Kafka & Spark

Two complementary Apache tools for large-scale data:

Kafka — event streaming platform (real-time message transport)
Spark — distributed data processing engine (batch and stream analytics)

They’re often used together: Kafka ingests events, Spark processes them.

Apache Kafka

What is Kafka?

Kafka is a resilient, high-throughput, scalable event streaming platform. It acts as a distributed, immutable append-only log of messages — the source of truth for events.

Why Kafka over alternatives:

System	Limitation
RabbitMQ	Queue-based (not a log); 1000x slower than Kafka
Amazon SQS	Queue-based; expensive at scale
Amazon SNS / Google Pub/Sub	Cloud-locked; expensive
Redis	No message history; not built for streaming
Mulesoft	Requires exposed APIs per channel; complex

Kafka’s log model provides message history — consumers can replay past events, which none of the above support.

Kafka architecture

Producer  →  Broker (Kafka Cluster)  →  Consumer
               ↑          ↑
          Topic/Partition  REST Proxy
               ↑
         Kafka Connect (external sources)
         Kafka Streams  (stream processing)
         Schema Registry (message contracts)
         ksqlDB          (SQL over streams)

Components:

Component	Role
Broker	A Kafka server. Run an odd number (3, 5) for fault tolerance
Topic	Named channel where messages are published
Partition	A topic is split into partitions for parallelism
Offset	Position of a message within a partition (immutable)
Producer	Publishes messages to a topic
Consumer	Subscribes to a topic and reads messages
Consumer Group	Multiple consumers sharing partitions for parallel processing
Zookeeper / KRaft	Cluster coordination and leader election (KRaft replaces ZooKeeper in modern Kafka)
Kafka Connect	Plug-and-play connectors to/from external systems (MongoDB, S3, Elasticsearch, JDBC)
Kafka Streams	Stream processing library for microservices
REST Proxy	HTTP interface to interact with Kafka (health checks, produce/consume via curl)

Message structure

Header(s):  Key/Value pairs (metadata)
Content:
  Key        — routing key (determines partition)
  Value      — the payload (any bytes; often JSON or Avro)
  Timestamp  — epoch millis

Deployment commands (Docker)

docker compose up -d          # start cluster
docker compose ps             # check status
docker logs broker-1          # view broker logs
docker compose down           # stop cluster
 
# Via REST Proxy
curl localhost:8082/brokers   # list brokers

Broker ports:

29092 — internal (broker-to-broker)
9092 — external (clients)

Delivery guarantees

Guarantee	Description
At most once	Messages may be lost; never duplicated
At least once	No message loss; duplicates possible
Exactly once	No loss, no duplicates — holy grail; supported by Kafka Streams

Packaging options

Option	Notes
Apache Kafka	Open-source, self-managed
Confluent Community / Cloud	Adds Schema Registry, REST Proxy, ksqlDB, connectors
Cloudera	Enterprise Hadoop/Kafka distribution
Strimzi	Helm charts to deploy Kafka on Kubernetes
AWS MSK	Managed Kafka on AWS
Azure HDInsight	Managed Kafka on Azure

Producer / Consumer (Python — confluent-kafka)

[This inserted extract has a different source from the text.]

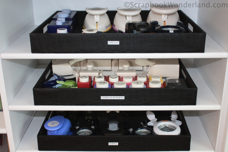 Designate a space for your punches. I wanted my punches on trays that slide onto shelves. This way I can easily move a tray of punches to my craft table, or just pull out the punch I would like to use.

from confluent_kafka import Producer, Consumer
 
# Producer
producer = Producer({'bootstrap.servers': 'localhost:9092'})
 
def delivery_report(err, msg):
    if err:
        print(f'Delivery failed: {err}')
    else:
        print(f'Delivered to {msg.topic()} [{msg.partition()}] at offset {msg.offset()}')
 
producer.produce('orders', key='order-1', value='{"item":"Widget","qty":3}',
                 callback=delivery_report)
producer.flush()   # block until all messages are sent
 
# Consumer
consumer = Consumer({
    'bootstrap.servers': 'localhost:9092',
    'group.id': 'order-processor',
    'auto.offset.reset': 'earliest'
})
consumer.subscribe(['orders'])
 
try:
    while True:
        msg = consumer.poll(timeout=1.0)
        if msg is None:
            continue
        if msg.error():
            print(f'Error: {msg.error()}')
        else:
            print(f'Received: {msg.value().decode()} from partition {msg.partition()}')
finally:
    consumer.close()

Consumer groups: Multiple consumers in the same group.id split partitions between them — achieving parallel processing. Each partition is consumed by exactly one member of the group.

Kafka Connect

Kafka Connect provides ready-made connectors to integrate Kafka with external systems — no custom producer/consumer code needed.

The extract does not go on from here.